Description of the task – Everything from the line that contains "İtalya’nın İzmir Konsolosu" through the final line of the records should be written out exactly, and nothing outside that span.

Supplied information –
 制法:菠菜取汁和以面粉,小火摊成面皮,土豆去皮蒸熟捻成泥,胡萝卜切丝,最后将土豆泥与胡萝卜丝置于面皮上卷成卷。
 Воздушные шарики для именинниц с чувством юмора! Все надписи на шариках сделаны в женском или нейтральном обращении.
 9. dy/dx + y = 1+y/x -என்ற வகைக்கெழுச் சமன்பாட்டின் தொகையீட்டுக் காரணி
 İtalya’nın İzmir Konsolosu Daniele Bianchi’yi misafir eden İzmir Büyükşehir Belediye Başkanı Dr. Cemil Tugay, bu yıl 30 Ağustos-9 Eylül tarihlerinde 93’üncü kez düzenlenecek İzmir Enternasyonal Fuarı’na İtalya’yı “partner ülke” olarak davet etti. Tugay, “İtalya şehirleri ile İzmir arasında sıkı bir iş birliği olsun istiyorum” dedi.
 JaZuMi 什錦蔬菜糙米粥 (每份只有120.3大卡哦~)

Output for this exercise –
 İtalya’nın İzmir Konsolosu Daniele Bianchi’yi misafir eden İzmir Büyükşehir Belediye Başkanı Dr. Cemil Tugay, bu yıl 30 Ağustos-9 Eylül tarihlerinde 93’üncü kez düzenlenecek İzmir Enternasyonal Fuarı’na İtalya’yı “partner ülke” olarak davet etti. Tugay, “İtalya şehirleri ile İzmir arasında sıkı bir iş birliği olsun istiyorum” dedi.
 JaZuMi 什錦蔬菜糙米粥 (每份只有120.3大卡哦~)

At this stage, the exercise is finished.